Stochastic Nondeterminism and Effectivity Functions

TL;DR

This paper explores the relationship between stochastic nondeterminism and effectivity functions on continuous state spaces, establishing connections between different models and defining bisimilarity and logical characterizations.

Contribution

It introduces a formal link between nondeterministic kernels and effectivity functions, and extends bisimulation and logical analysis to these models.

Findings

Effectivity functions mapping into principal filters correspond to image-countable nondeterministic kernels.

Image-finite kernels induce effectivity functions, enabling bisimilarity definitions.

Logical characterization of bisimilarity is provided in the finitary case.

Abstract

This paper investigates stochastic nondeterminism on continuous state spaces by relating nondeterministic kernels and stochastic effectivity functions to each other.
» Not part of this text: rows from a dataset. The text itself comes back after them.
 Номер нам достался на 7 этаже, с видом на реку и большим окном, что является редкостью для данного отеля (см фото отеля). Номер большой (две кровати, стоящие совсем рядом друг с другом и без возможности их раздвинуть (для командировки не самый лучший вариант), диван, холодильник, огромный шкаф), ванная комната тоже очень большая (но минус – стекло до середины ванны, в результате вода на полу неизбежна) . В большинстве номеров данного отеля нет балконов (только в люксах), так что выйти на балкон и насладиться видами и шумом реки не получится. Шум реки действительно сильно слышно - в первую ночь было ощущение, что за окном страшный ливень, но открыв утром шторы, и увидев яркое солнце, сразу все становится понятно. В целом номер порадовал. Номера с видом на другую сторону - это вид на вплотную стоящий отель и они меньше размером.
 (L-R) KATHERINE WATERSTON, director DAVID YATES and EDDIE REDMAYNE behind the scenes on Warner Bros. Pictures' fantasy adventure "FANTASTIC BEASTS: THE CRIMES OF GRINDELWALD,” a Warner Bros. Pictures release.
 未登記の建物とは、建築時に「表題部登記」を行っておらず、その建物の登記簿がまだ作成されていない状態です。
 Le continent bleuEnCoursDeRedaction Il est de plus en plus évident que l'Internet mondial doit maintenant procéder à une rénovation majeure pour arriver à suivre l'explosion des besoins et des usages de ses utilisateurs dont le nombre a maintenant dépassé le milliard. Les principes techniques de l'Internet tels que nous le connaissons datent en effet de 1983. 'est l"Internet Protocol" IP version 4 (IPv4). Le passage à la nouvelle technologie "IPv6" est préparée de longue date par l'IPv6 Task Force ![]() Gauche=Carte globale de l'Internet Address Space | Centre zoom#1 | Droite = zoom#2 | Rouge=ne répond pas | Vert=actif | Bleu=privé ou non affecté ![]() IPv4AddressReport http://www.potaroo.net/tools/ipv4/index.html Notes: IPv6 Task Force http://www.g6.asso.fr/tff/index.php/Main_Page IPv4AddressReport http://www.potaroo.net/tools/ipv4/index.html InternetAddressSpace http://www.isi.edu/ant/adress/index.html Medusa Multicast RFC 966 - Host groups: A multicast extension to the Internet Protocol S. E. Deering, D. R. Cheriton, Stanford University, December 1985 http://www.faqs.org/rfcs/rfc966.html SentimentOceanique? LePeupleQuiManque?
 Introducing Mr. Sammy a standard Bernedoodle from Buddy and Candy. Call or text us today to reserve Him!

Nondeterministic kernels are functions assigning each state a set o subprobability measures, and effectivity functions assign to each state an upper-closed set of subsets of measures. Both concepts are generalizations of Markov kernels used for defining two different models: Nondeterministic labelled Markov processes and stochastic game models, respectively. We show that an effectivity function that maps into principal filters is given by an image-countable nondeterministic kernel, and that image-finite kernels give rise to effectivity functions. We define state bisimilarity for the latter, considering its connection to morphisms. We provide a logical characterization of bisimilarity in the finitary case. A generalization of congruences (event bisimulations) to effectivity functions and its relation to the categorical presentation of bisimulation are also studied.